ASSIGNED TASK:
Restate every entry verbatim; drop the pictures.

Records from a data source:

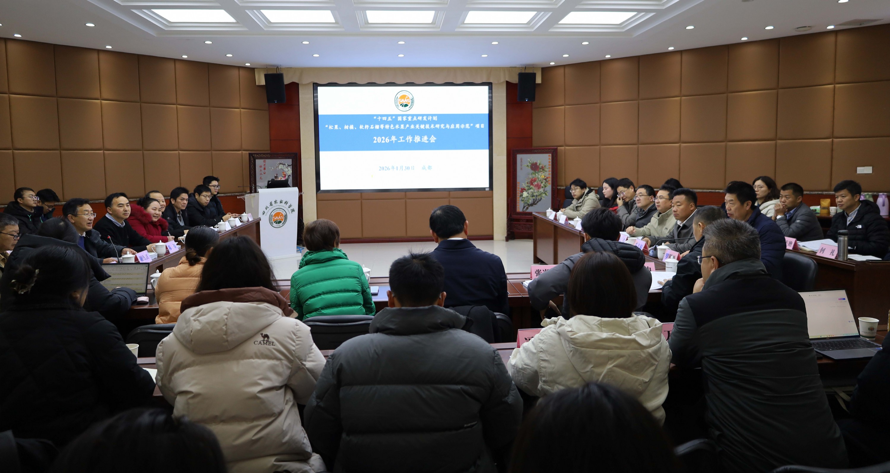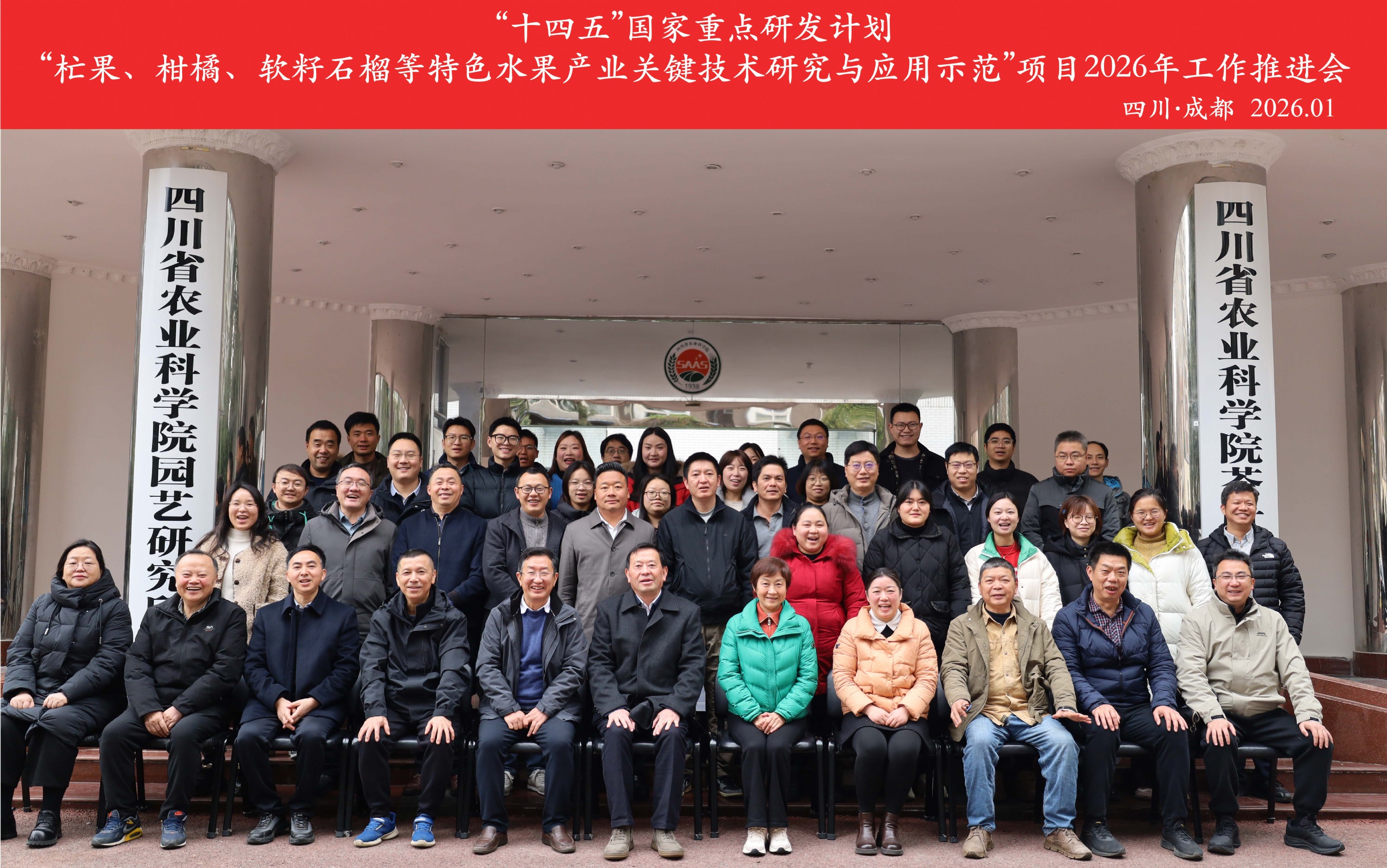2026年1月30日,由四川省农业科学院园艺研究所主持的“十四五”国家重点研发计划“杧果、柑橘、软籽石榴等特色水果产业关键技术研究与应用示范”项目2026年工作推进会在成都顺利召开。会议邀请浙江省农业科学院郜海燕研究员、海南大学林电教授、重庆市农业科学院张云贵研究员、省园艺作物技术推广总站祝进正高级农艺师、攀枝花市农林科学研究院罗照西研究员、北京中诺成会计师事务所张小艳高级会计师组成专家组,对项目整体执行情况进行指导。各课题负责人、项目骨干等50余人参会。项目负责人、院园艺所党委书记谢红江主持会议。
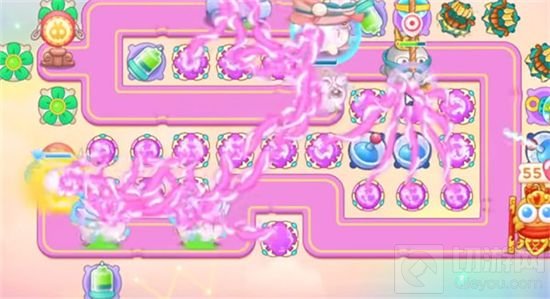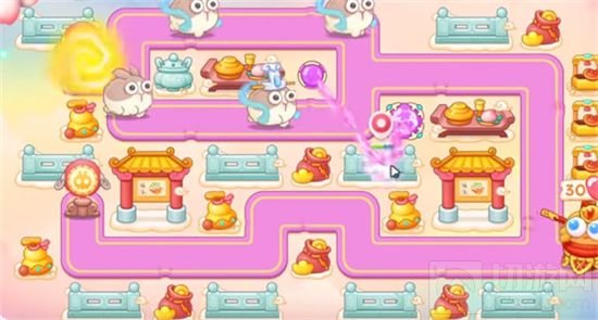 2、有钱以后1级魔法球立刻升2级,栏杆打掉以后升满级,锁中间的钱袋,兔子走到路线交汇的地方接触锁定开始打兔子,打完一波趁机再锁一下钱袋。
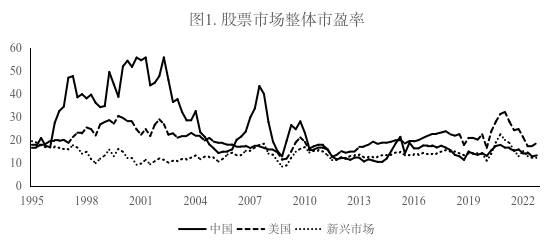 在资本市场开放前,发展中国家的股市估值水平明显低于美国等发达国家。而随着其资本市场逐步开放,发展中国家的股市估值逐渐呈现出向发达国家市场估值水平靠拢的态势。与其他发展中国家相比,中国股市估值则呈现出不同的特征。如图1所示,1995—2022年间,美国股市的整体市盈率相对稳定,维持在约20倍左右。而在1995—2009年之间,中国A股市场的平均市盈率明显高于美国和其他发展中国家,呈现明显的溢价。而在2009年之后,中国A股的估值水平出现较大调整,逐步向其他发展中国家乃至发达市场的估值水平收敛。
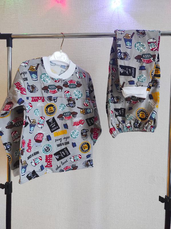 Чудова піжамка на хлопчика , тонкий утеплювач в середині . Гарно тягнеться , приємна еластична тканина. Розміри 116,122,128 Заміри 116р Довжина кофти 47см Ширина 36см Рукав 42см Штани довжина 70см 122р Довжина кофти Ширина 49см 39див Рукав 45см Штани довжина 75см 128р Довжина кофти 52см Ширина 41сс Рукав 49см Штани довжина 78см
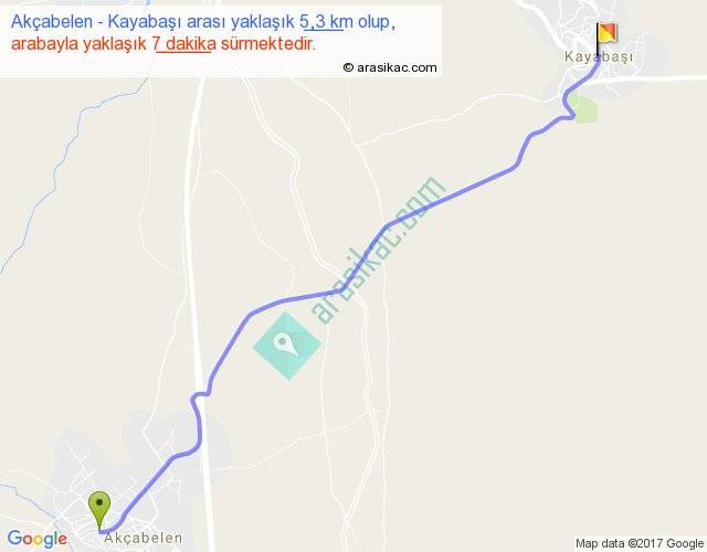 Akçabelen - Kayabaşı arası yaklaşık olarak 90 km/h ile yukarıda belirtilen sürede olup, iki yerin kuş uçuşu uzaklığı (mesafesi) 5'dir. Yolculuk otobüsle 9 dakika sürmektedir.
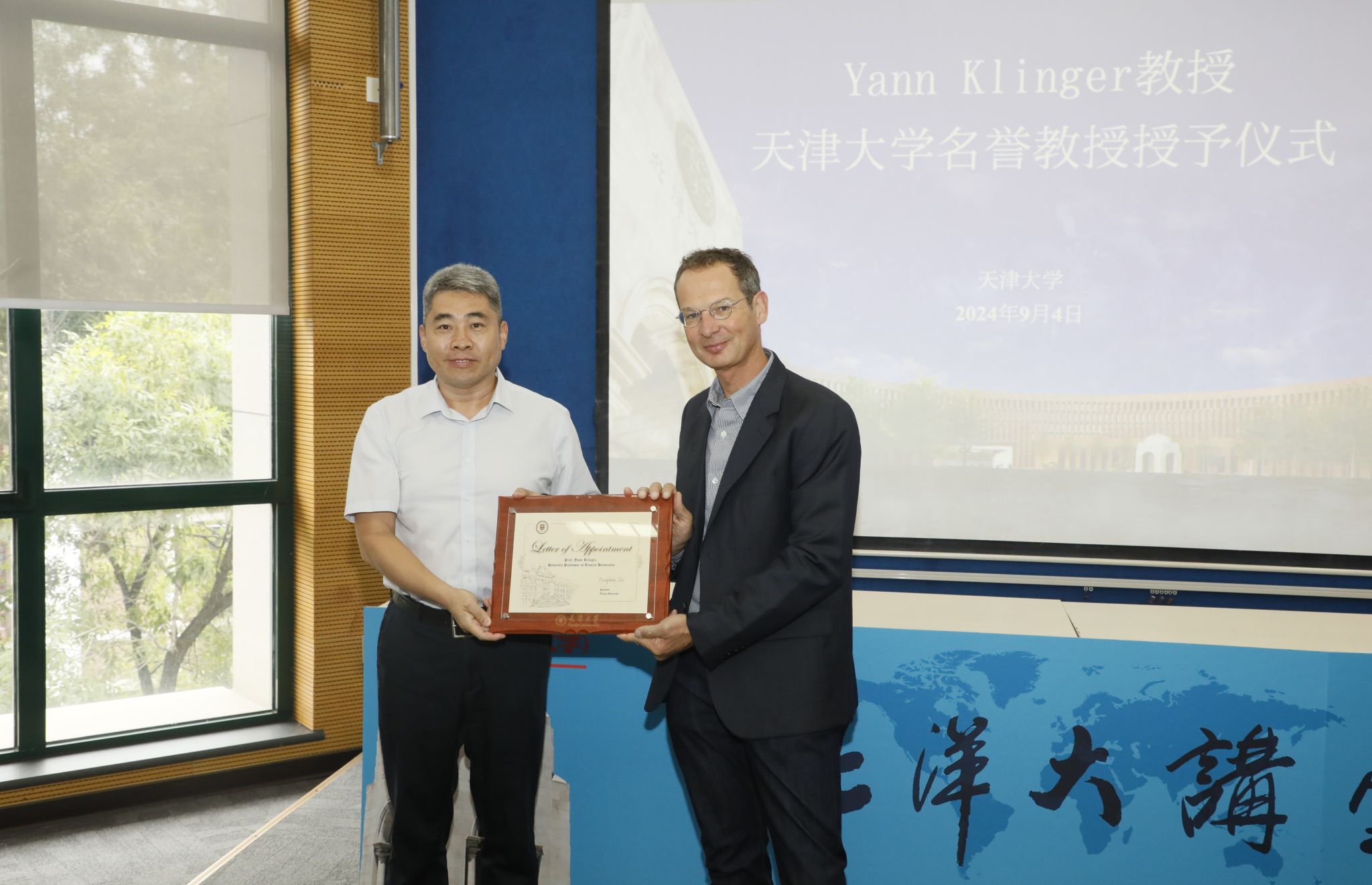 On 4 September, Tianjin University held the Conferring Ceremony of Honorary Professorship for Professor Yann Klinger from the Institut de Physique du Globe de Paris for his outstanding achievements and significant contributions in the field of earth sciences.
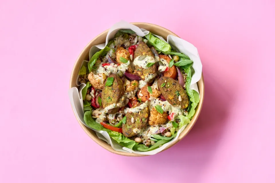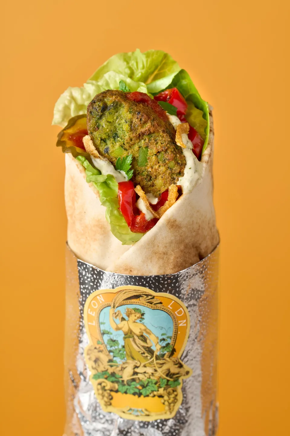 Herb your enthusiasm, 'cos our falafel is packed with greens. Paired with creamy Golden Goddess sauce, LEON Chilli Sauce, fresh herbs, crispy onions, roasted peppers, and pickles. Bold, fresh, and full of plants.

SOLUTION:
2026年1月30日,由四川省农业科学院园艺研究所主持的“十四五”国家重点研发计划“杧果、柑橘、软籽石榴等特色水果产业关键技术研究与应用示范”项目2026年工作推进会在成都顺利召开。会议邀请浙江省农业科学院郜海燕研究员、海南大学林电教授、重庆市农业科学院张云贵研究员、省园艺作物技术推广总站祝进正高级农艺师、攀枝花市农林科学研究院罗照西研究员、北京中诺成会计师事务所张小艳高级会计师组成专家组,对项目整体执行情况进行指导。各课题负责人、项目骨干等50余人参会。项目负责人、院园艺所党委书记谢红江主持会议。
 2、有钱以后1级魔法球立刻升2级,栏杆打掉以后升满级,锁中间的钱袋,兔子走到路线交汇的地方接触锁定开始打兔子,打完一波趁机再锁一下钱袋。
 在资本市场开放前,发展中国家的股市估值水平明显低于美国等发达国家。而随着其资本市场逐步开放,发展中国家的股市估值逐渐呈现出向发达国家市场估值水平靠拢的态势。与其他发展中国家相比,中国股市估值则呈现出不同的特征。如图1所示,1995—2022年间,美国股市的整体市盈率相对稳定,维持在约20倍左右。而在1995—2009年之间,中国A股市场的平均市盈率明显高于美国和其他发展中国家,呈现明显的溢价。而在2009年之后,中国A股的估值水平出现较大调整,逐步向其他发展中国家乃至发达市场的估值水平收敛。
 Чудова піжамка на хлопчика , тонкий утеплювач в середині . Гарно тягнеться , приємна еластична тканина. Розміри 116,122,128 Заміри 116р Довжина кофти 47см Ширина 36см Рукав 42см Штани довжина 70см 122р Довжина кофти Ширина 49см 39див Рукав 45см Штани довжина 75см 128р Довжина кофти 52см Ширина 41сс Рукав 49см Штани довжина 78см
 Akçabelen - Kayabaşı arası yaklaşık olarak 90 km/h ile yukarıda belirtilen sürede olup, iki yerin kuş uçuşu uzaklığı (mesafesi) 5'dir. Yolculuk otobüsle 9 dakika sürmektedir.
 On 4 September, Tianjin University held the Conferring Ceremony of Honorary Professorship for Professor Yann Klinger from the Institut de Physique du Globe de Paris for his outstanding achievements and significant contributions in the field of earth sciences.
 Herb your enthusiasm, 'cos our falafel is packed with greens. Paired with creamy Golden Goddess sauce, LEON Chilli Sauce, fresh herbs, crispy onions, roasted peppers, and pickles. Bold, fresh, and full of plants.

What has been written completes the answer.